The play, which was first produced in 1928, has been revived a number of times, and has also seen adaptions for TV, radio, and film. The film adaptations include “His Girl Friday” (in which the character of Hildy is female), and “Switching Channels” (in which the reporters are modern-day television reporters).
Mary Higgins Clark has written several stories about a husband-and-wife sleuthing team, Henry Parker Britland IV, the 44-year-old former president of the U.S., and his recent bride, plucky congresswoman Sandra (""Sunday’’) O’Brien Britland. Four of them have been published in a collection called My Gal Sunday.

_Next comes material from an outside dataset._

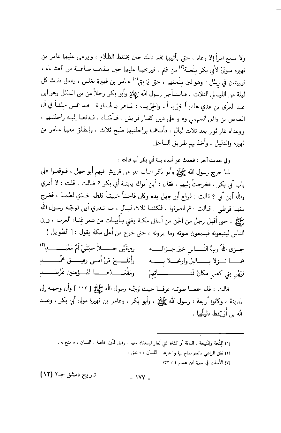 ولا يسمع أمراً إلا وعاه، حتى يأتيهما بخبر ذلك حين يختلط الظلام، ويرعى عليهما عامر بن فهيرة مولىً لأبي بكر منحة من غنم، فيريحها عليهما حين يذهب ساعة من العشاء، فيبيتان في رسل: وهو لبن منحتهما، حتى ينعق عامر بن فهيرة بغلس، يفعل ذلك كل ليلة من الليالي الثلاث. فاستأجر رسول الله صَلَّى اللهُ عَلَيْهِ وَسَلَّمَ وأبو بكر رجلاً من بني الدئل وهو ابن عبد العزى بن عدي هادياً خرّيتاً والخريت: الماهر بالهداية قد غمس حلفاً في آل العاص بن وائل السهمي وهو على دين كفار قريش، فأمناه، فدفعا إليه راحلتيهما، ووعداه غار ثور بعد ثلاث ليالٍ، فأتاهما براحلتيهما صبح ثلاث، وانطلق معهما عامر بن فهيرة والدليل، وأخذ بهم طريق الساحل. وفي حديث آخر: فحدث عن أسماء بنة أبي بكر أنها قالت: لما خرج رسول الله صَلَّى اللهُ عَلَيْهِ وَسَلَّمَ وأبو بكر أتانا نفر من قريش فيهم أبو جهل، فوقفوا على باب أبي بكر، فخرجت إليهم، فقال: أين أبوك يا بنة أبي بكر؟ قالت: قلت: لا أدري والله أين أبي؟ قالت: فرفع أبو جهل يده وكان فاحشاً خبيثاً فلطم خدي لطمة، فخرج منها قرطي. قالت: ثم انصرفوا، فمكثنا ثلاث ليالٍ، ما ندري أين توجه رسول الله صَلَّى اللهُ عَلَيْهِ وَسَلَّمَ، حتى أقبل رجل من الجن من أسفل مكة يغني بأبيات من شعر غناء العرب، وإن الناس ليتبعونه فيسمعون صوته وما يرونه، حتى خرج من أعلى مكة يقول: الطويل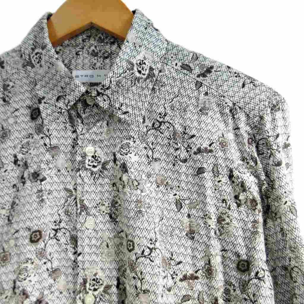 エトロ ETRO 16SS 総柄 花柄 シャツ 長袖 M 黒 ブラック 白 ホワイト 1117 IBO84 メンズ

Nick and Nora Charles (and their dog Asta) are the husband-wife detectives in Dashiell Hammett’s The Thin Man. In the film series, they were played by William Powell and Myrna Loy. The thin man was actually the victim in the novel, not Nick Charles.
Nick and Nora were parodied as Dick and Dora Charleston in the movie, Murder by Death. Other parodied sleuths included Sam Diamond and Jessica Marbles.
Russia is the world’s largest diamond-producing country. Second on the list is Botswana, followed by the Democratic Republic of Congo, Australia, and Canada.
The only active diamond mine in the United States is the Crater of Diamonds Mine near Murfreesboro, Pike County, Arkansas.
Jack Diamond, the infamous mobster supposedly got his moniker ‘Legs’ by being able to escape from his enemies (or maybe from his dancing skills).
In the end, his legs didn’t help him run faster then the bullets speeding toward his skull. His murderer remains unknown although speculation abounds.
Jack Kennedy liked clam chowder and very cold milk, but disliked ice water. When he praised Ian Fleming’s James Bond novels, their sales jumped in the U.S. Kennedy rarely watched a movie through to the end.